# What to produce:
Begin your copy at the line with "Latest Design Basketball" in the records below and end it at the line with "Enviem saudações de", restating each line word for word; omit the pictures.

# Entries provided:
⁂

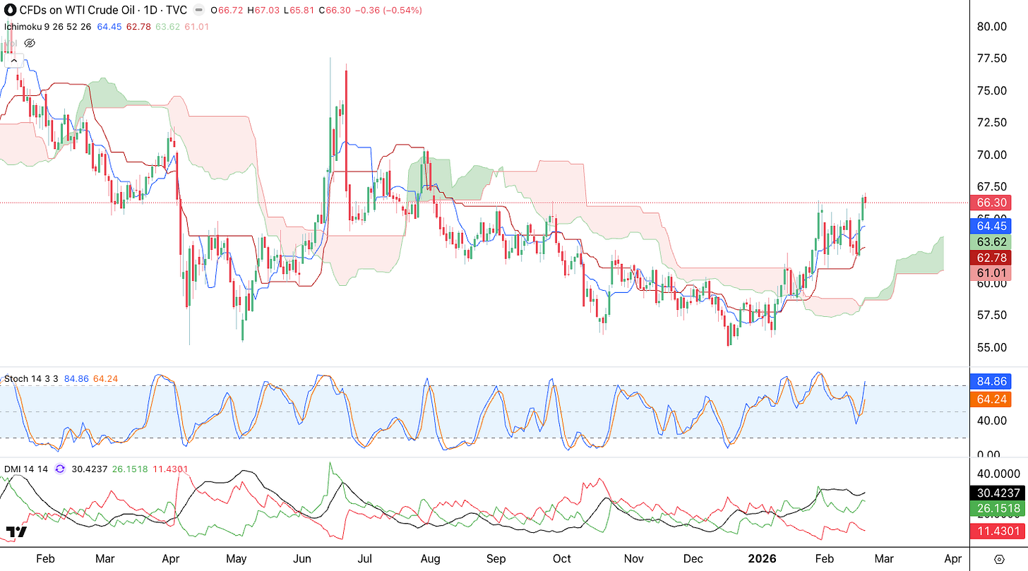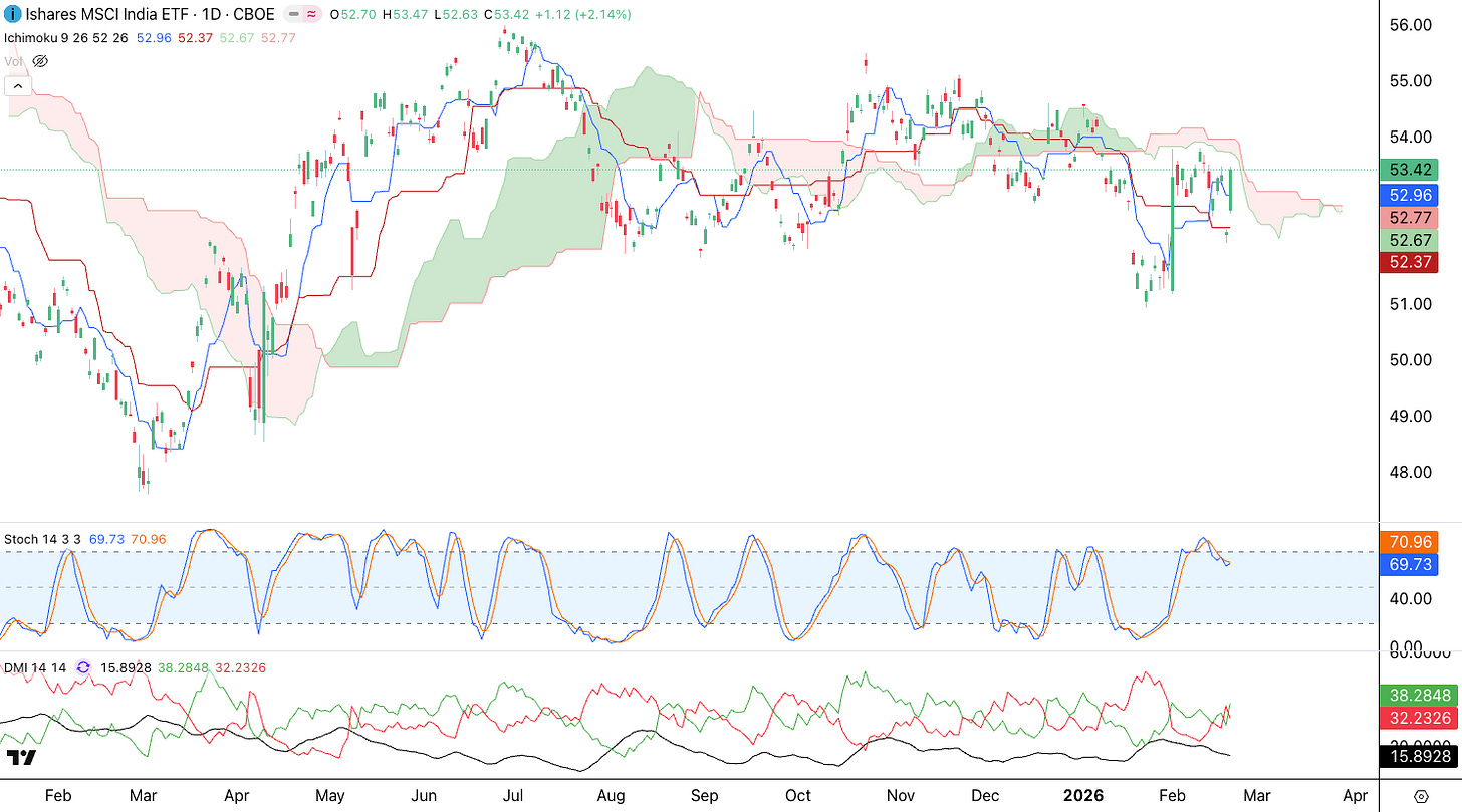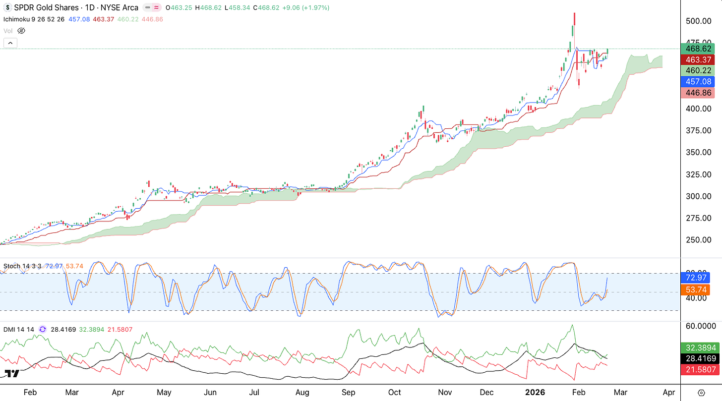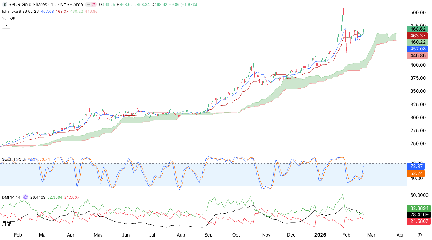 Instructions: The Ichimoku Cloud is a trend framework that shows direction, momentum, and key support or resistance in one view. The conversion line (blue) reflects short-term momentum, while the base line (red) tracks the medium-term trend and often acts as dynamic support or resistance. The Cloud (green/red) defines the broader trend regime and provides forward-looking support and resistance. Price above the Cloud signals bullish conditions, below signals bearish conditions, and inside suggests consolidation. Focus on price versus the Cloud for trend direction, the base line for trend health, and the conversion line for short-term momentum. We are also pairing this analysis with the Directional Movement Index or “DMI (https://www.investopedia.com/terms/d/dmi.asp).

⁂

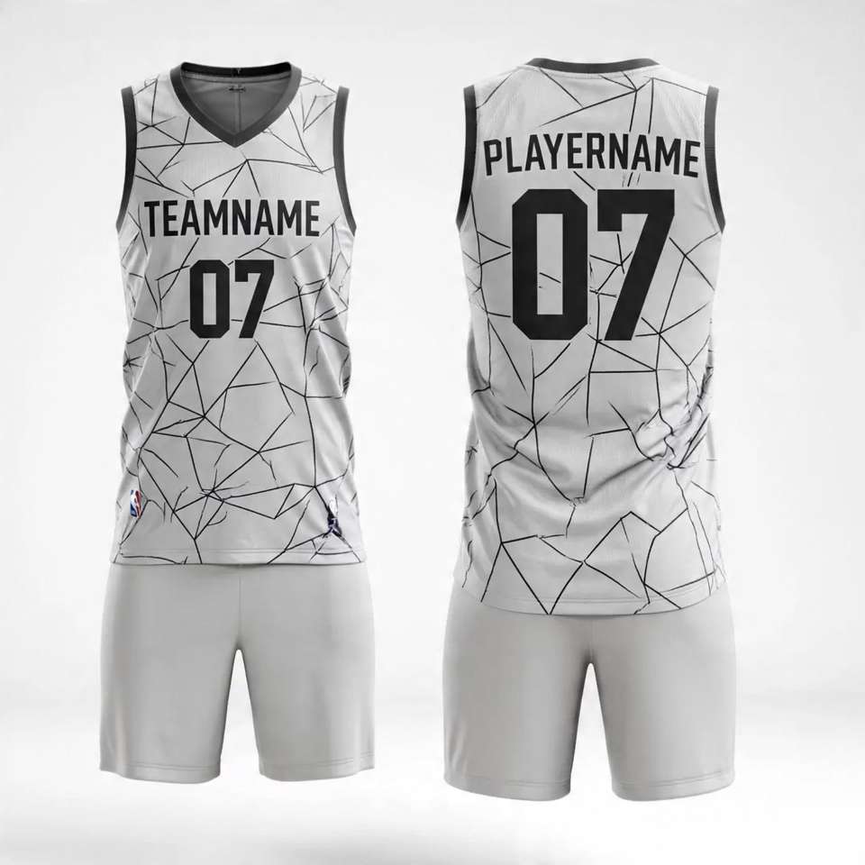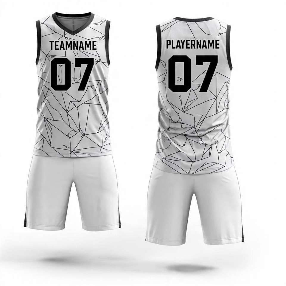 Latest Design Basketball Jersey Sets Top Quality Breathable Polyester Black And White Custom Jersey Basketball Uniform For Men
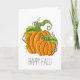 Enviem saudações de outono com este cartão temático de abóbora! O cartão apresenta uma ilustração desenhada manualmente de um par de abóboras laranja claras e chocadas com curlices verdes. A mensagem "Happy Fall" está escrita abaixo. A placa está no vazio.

⁂

# Worked solution:
 Latest Design Basketball Jersey Sets Top Quality Breathable Polyester Black And White Custom Jersey Basketball Uniform For Men
 Enviem saudações de outono com este cartão temático de abóbora! O cartão apresenta uma ilustração desenhada manualmente de um par de abóboras laranja claras e chocadas com curlices verdes. A mensagem "Happy Fall" está escrita abaixo. A placa está no vazio.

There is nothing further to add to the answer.